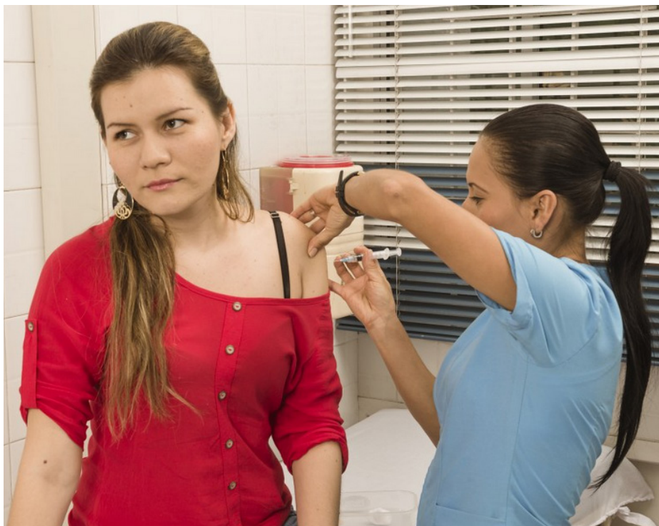
Dengue Clinical trials by Sanofi Pasteur
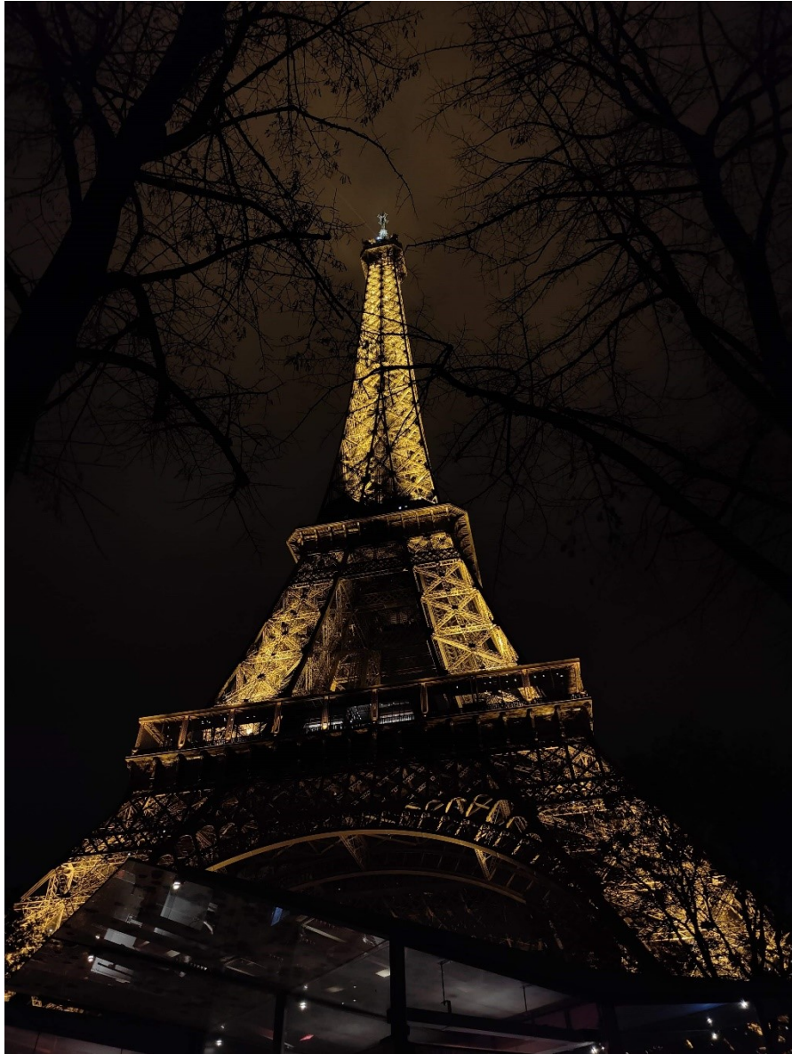
La vie en rose Photograph of Eiffel tower, Paris
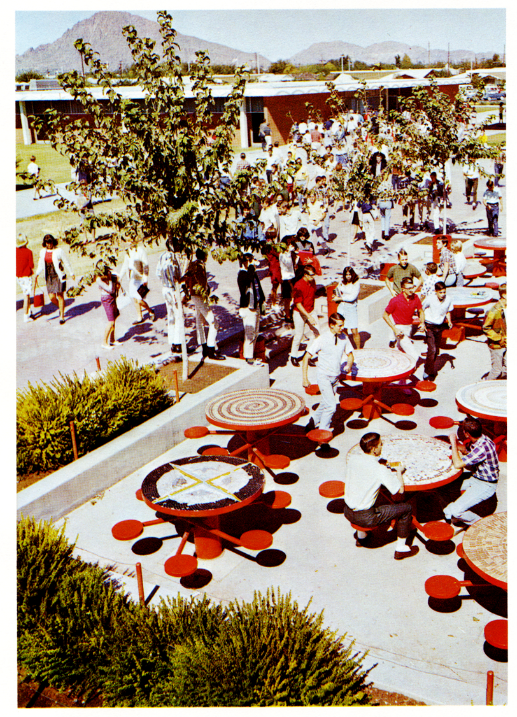
Cafeteria meals and snack bar delicacies await the starved students who dash out of the 100 building to be first in line. Scattered throughout the sunken snack bar area are the round, flashy orange tables, with mosaic patterned tops. The combination of color and designs brighten dreary days and add artistic flavor to the lunches.

A closer look at sections on campus exhibits many picturesque ornaments that usually go unnoticed by many bypassers. The top site is one of the four gates protecting the out-door lockers between the 400 and 500 buildings. The decorative wall that shades the south side of the cafeteria is illustrated by the second scene, and the third campus view displays the zig-zag borders, which dramatize the auditorium roof. The last Aztec design exemplifies the wall that adorns auditorium lobby.
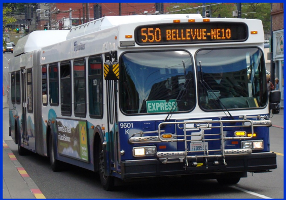
ST Express bus routes connect riders with major urban and employment centers in King, Pierce, and Snohomish counties
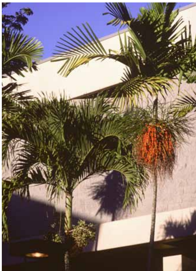
Ptychosperma elegans (solitaire palm)
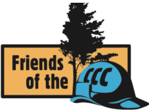
CALIFORNIA CONSERVATION CORPS
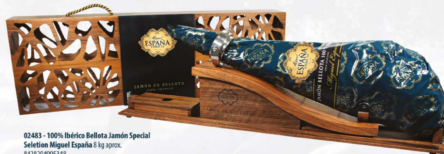
02483 - 100% Ibérico Bellota Jamón Special Selecion Miguel España 8 kg aprox. 8428204005348 1 x box 15 boxes x pallet
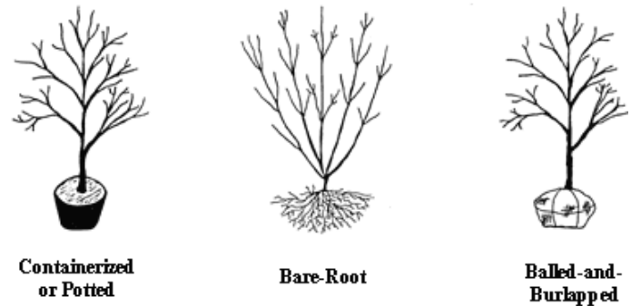
Figure 2. Types of planting stock.

Time and effort should be spent on site preparation prior to planting. Major soil deficiencies should be identified and corrected before planting or a better planting site should be selected. It is especially important to locate all underground utilities before digging. In Nebraska, state law requires that you contact the "digger's hotline." Check the area for subsurface drainage and be certain plant placement will allow for proper growth and development (do not plant large trees under power lines).
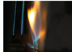
Instant JETFIRE™ Ignition
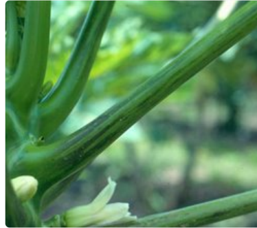
Photo 2. Dark green stripes on leaf stalks of papaya, caused by Papaya ringspot virus - type P.
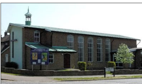
The United Reformed Church, Brookmans Park

Much of the voluntary work currently undertaken in the Parish is promoted by our Churches
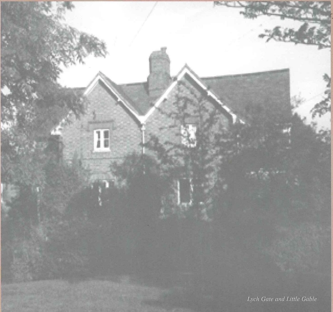
Lych Gate and Little Gable

A group of buildings had already been established at, or near the crossroads by the c15, with the two coaching inns creating a centre for trade for the local farming community and travellers.
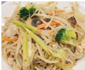
Chicken Chop Suey (no noodles)
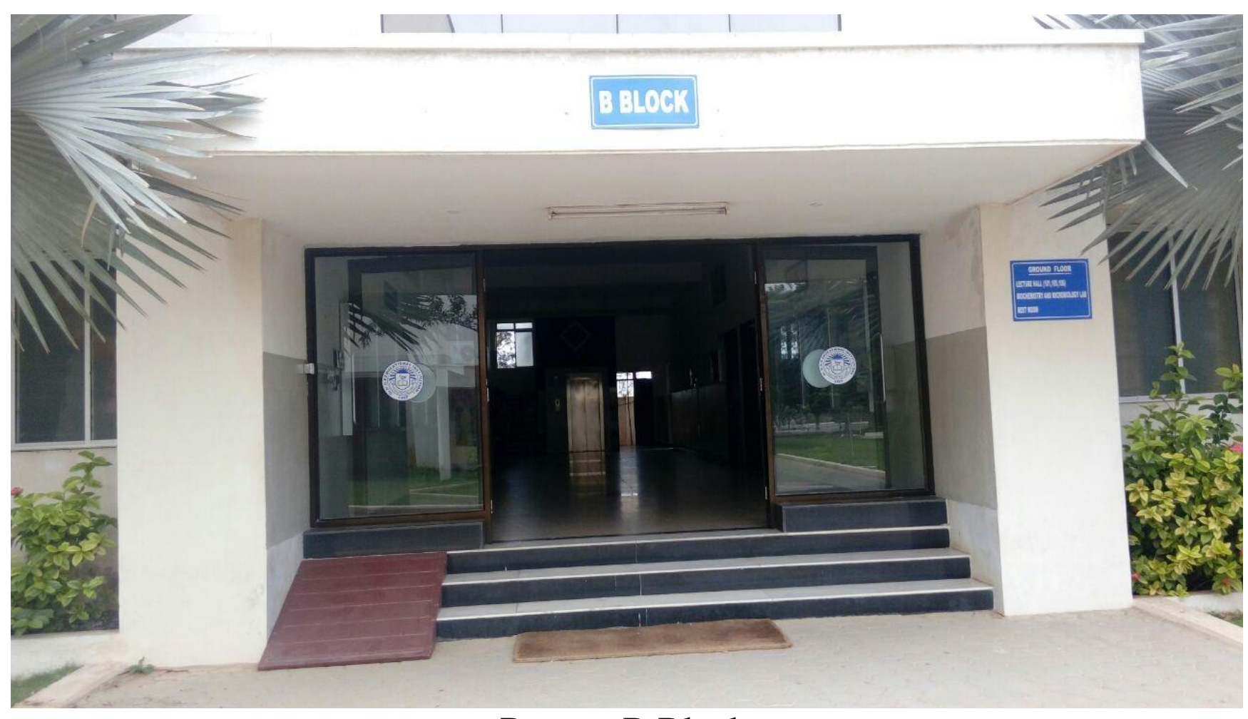
Ramp - B Block
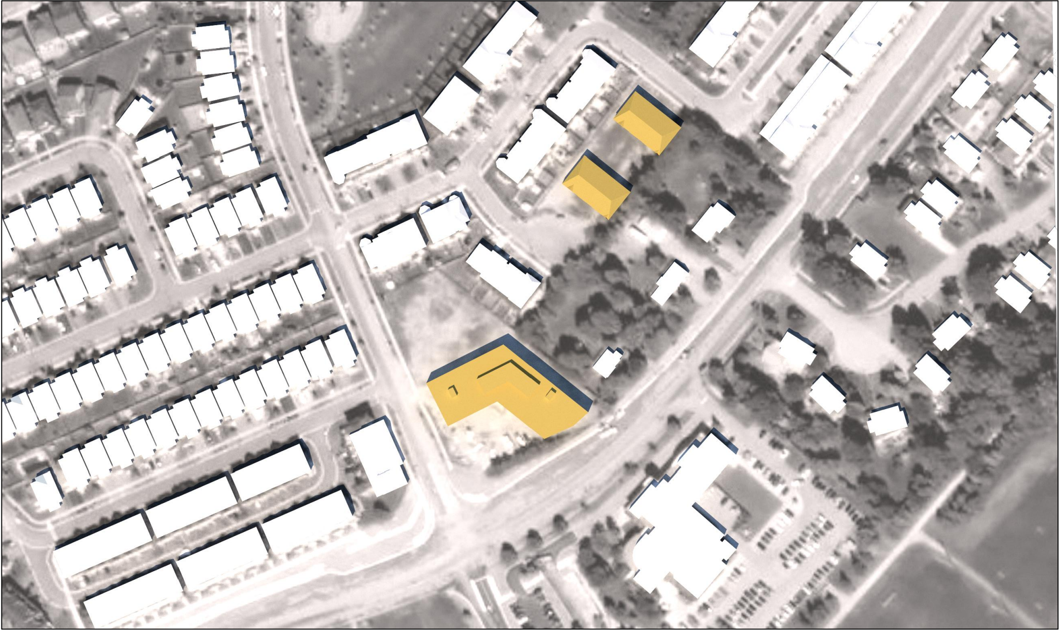
June 21 13:00
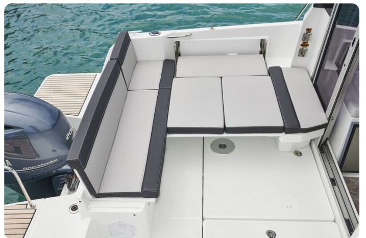
Jeanneau Merry Fisher 795 - cockpit saloon converts to sun lounger
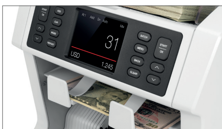
Suspected counterfeit bills are placed in the reject pocket
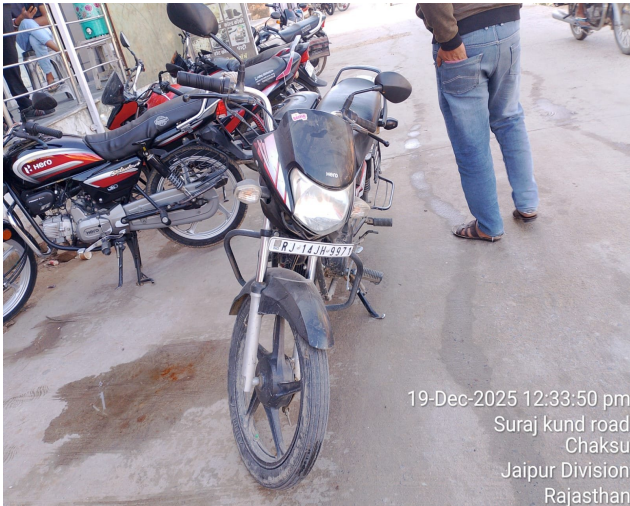
19-Dec-2025 12:33:50 pm Suraj kund road Chaksu Jaipur Division Rajasthan
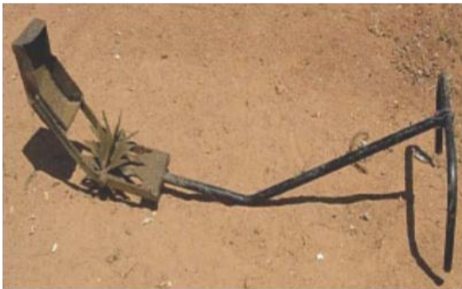
Figure 2. Schematic diagram of mandava weeder.

of work includes the heart rate (HR) and oxygen consumption rate (OCR). Furthermore, severity does not depend on EER; however based on EER severity of work load is classified. Cono-weeder and Mandava weeder are used for uprooting and burying weeds in between standing rows of rice crop in wetland condition. Ergonomical evaluation is a tool to evaluate the energy expenditures of workers, their physiological cost and suitability of the method for farm workers and how long they can work continuously without getting fatigue. Ease of performing an operation affects the output of the worker. When weeding in wetland crop (paddy), the body is in discomfort posture and while walking in puddled field the worker experiences higher oxygen consumption rate to overcome more resistance. In view of above, the ergonomic parameters (heart rate and oxygen consumption rate) of cono-weeder and Mandava weeder were evaluated in wet land condition.
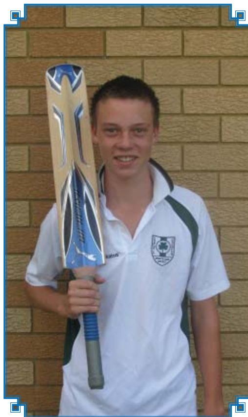
The John Woodhouse Memorial Trophy
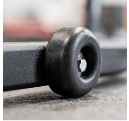
RUBBER BUMPERS TO PROTECT FLOORS
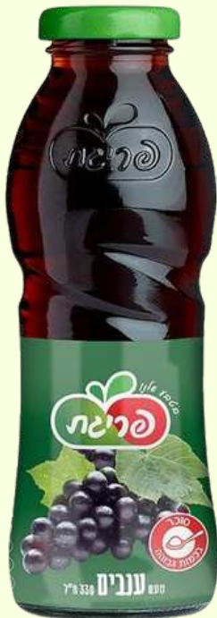
GRAPE JUICE 330 ML
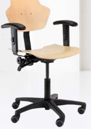
Score At Work PU
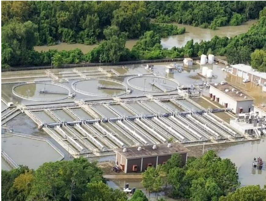
West District Treatment Plant
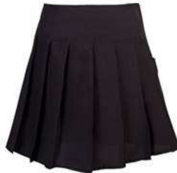
Girls black skirt / Boys black shorts
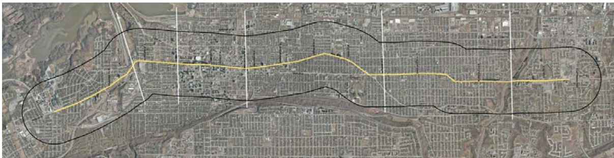
Figure 2: B-Line Land Use Planning Study Area

In addition to analysis of intensification opportunities, land use planning for the corridor is focused on the principles of transit oriented development, specifically planning for appropriate density and mixed uses, in proximity to transit stops to create unique, pedestrian oriented streets and public spaces. These elements form a critical role in re-establishing the corridor as a focus of activity for the many neighbourhoods adjacent to the corridor. The integration of the corridor with the neighbourhoods and ensuring connectivity to the corridor is a fundamental principle for corridor revitalization.
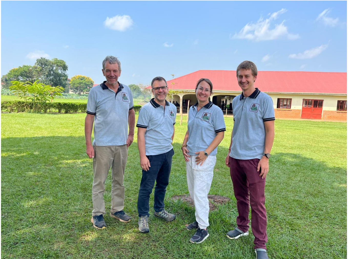
BOARD MEMBERS AUSTRIA
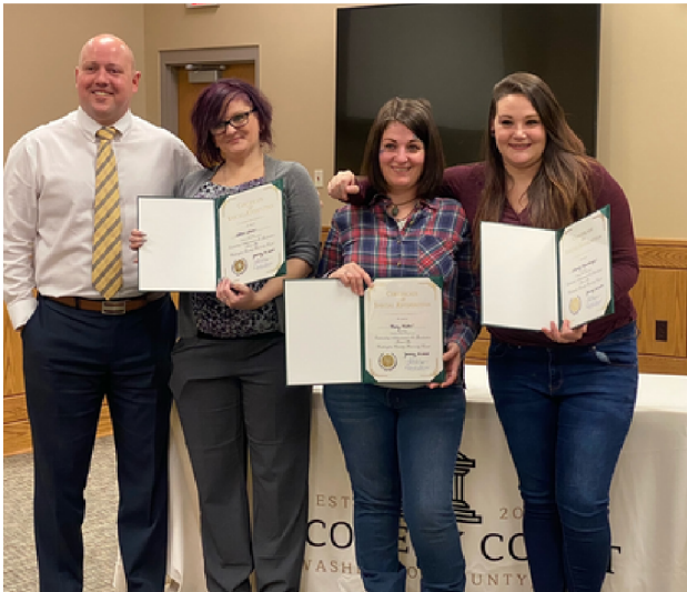
Pictured: Recovery Court Graduation

The Misdemeanor Probation Program at CCI offers essential services and supervision to individuals sentenced by local General Sessions and Criminal Courts for misdemeanor offenses. Our programs aim to divert these individuals from incarceration by providing structured rehabilitative services and supervision within the community.

+++++

TASK
Where a line of the records includes "that", copy it.

TASK RESULT
A closer look at sections on campus exhibits many picturesque ornaments that usually go unnoticed by many bypassers. The top site is one of the four gates protecting the out-door lockers between the 400 and 500 buildings. The decorative wall that shades the south side of the cafeteria is illustrated by the second scene, and the third campus view displays the zig-zag borders, which dramatize the auditorium roof. The last Aztec design exemplifies the wall that adorns auditorium lobby.
Time and effort should be spent on site preparation prior to planting. Major soil deficiencies should be identified and corrected before planting or a better planting site should be selected. It is especially important to locate all underground utilities before digging. In Nebraska, state law requires that you contact the "digger's hotline." Check the area for subsurface drainage and be certain plant placement will allow for proper growth and development (do not plant large trees under power lines).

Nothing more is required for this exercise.